The various ailments get more and more inventive as you go along and even the repetition of all the bosses at the end doesn’t feel like it was used to lengthen the game unnecessarily. The game is so well put together that the story issues can be easily overlooked in favour of the brilliance of surgery, which is superb when all is going right. In fact, the one true fault of the game is that it’s just too hard in sections - call us pathetic, but we don’t like to feel like our heads are going to explode when we’re playing a game. Still, we got through it in the end after much effort, so it’s at least doable, and you couldn’t argue that it’ll be over too quickly because with some of the difficulty spikes it will easily last you long enough to justify the price of entry. A ‘challenge’ mode is chucked in for good measure too, that allows you to go back to your past operations and try and best your scores.
Original titles are what Nintendo promised when they showed off the DS, and this is a game that fulfils that criterion perfectly.
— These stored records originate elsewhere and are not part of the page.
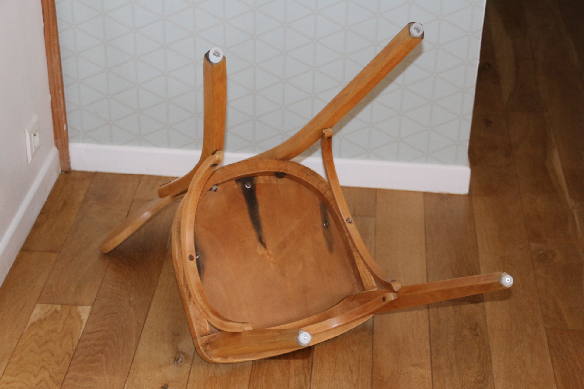 Très bon état structurel et bon état cosmétique (chaises entièrement poncées puis protégées par un vitrificateur hêtre clair) ; skaï refait ; tampons piètement neufs adaptés à toute surface
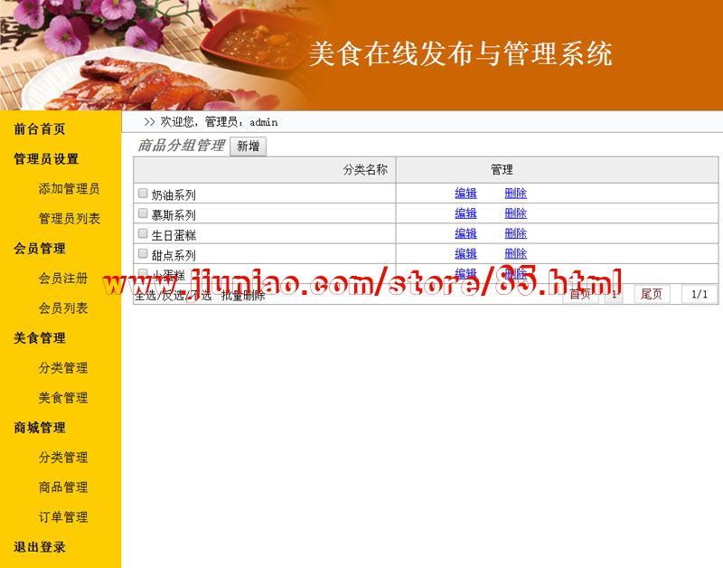 美食在线订购网包含:会员、管理员、文章、商城等4大模块,采用原生php+mysql开发,面向过程,无框架,代码简单易懂;系统设计了8张数据库表,表之间有联系,字段设计合理;系统功能全面,包含了增删改查、批量操作、注册登录等基本元素,其中作为商城系统,商品分类、商品、购物车、订单等一应俱全,完全可以作为php+mysql方向的设计范例程序使用。
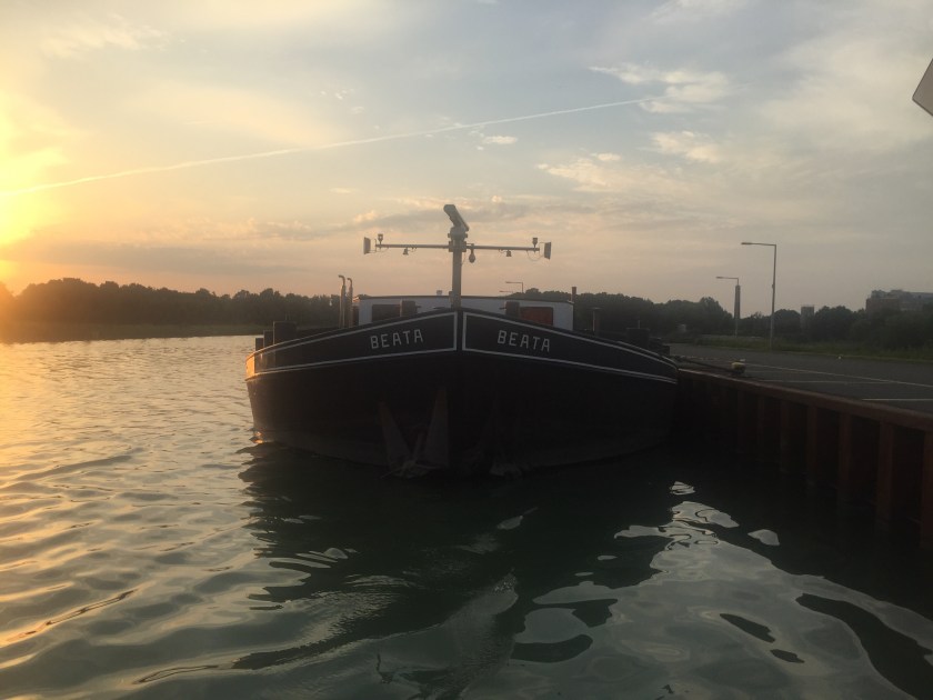 På kvällen tittar skepparen på flodpråmen Beata förbi och vi pratar om hur det är att arbeta på kanalerna, vart vi skall åka och olika alternativa rutter till Frankrike. Det lutar allt mer åt alternativet Holland-Belgien i stället för Mosel på grund av strömmen i Rehn. Det blir många fler slussar, men att jobba sig mot 4knops ström när båten maxar 6knop i fyra dagar känns inte lockande.
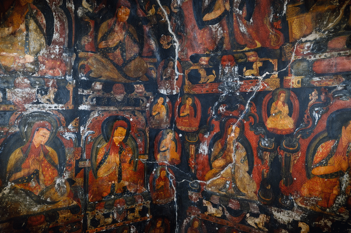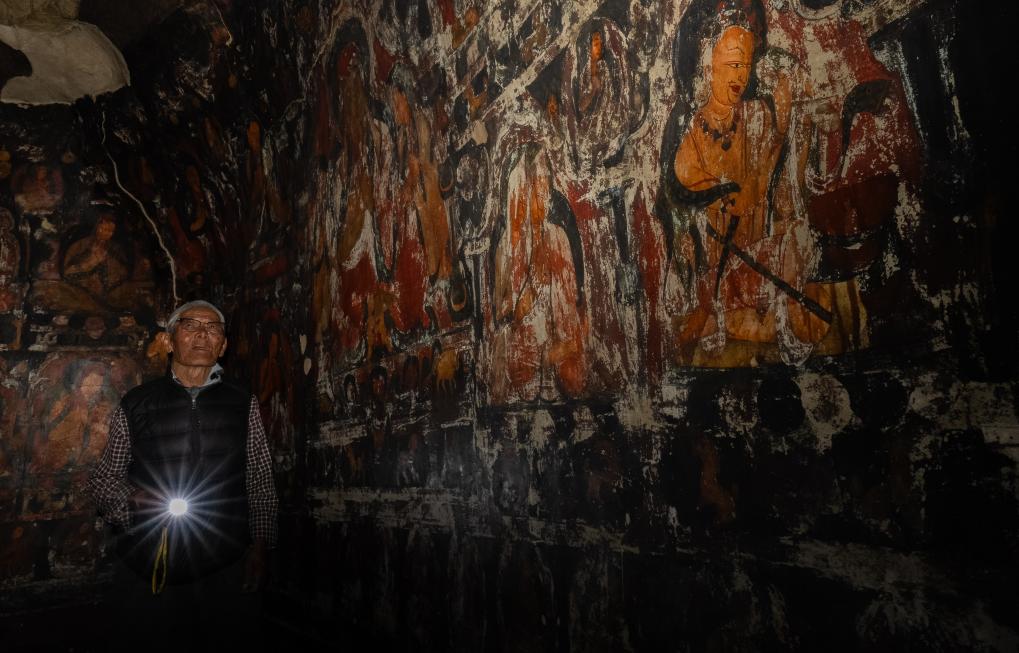 強巴次仁倚著洞口,聽著仁增旺扎的講解,瞇著眼望向那些畫。他看不太清壁畫的細節(jié)了,但半輩子的守護,已讓壁畫像是他生活的一部分——也是他所理解世界的一部分。

Here in the UK we’re only just getting some of the unique titles that other countries have had for months, the titles that really show off what the DS can do, and Trauma Centre deserves to do well - it’s a fantastic example of what can be created if a bit of thought is put into a game. With a sequel already in development, Atlus clearly has made enough money off it already, but you could do worse than offer them more incentive to create a follow up by buying it – far worse.
At the risk of sounding like a broken record, the difficulty is the one thing that pulls Trauma Centre out of the '9' area and into '8' territory; it's not so much that it's a challenge that's annoying - that would be stupid - it's the frustration that it brings with it. Most of the time, you'll be very happy with play, but there are certain moments that you know the game would've been better for omitting, or for easing up a little. Not that this means you should miss out on it - on the contrary, it’s well worth adding to your collection, and it calls you back to play again and again.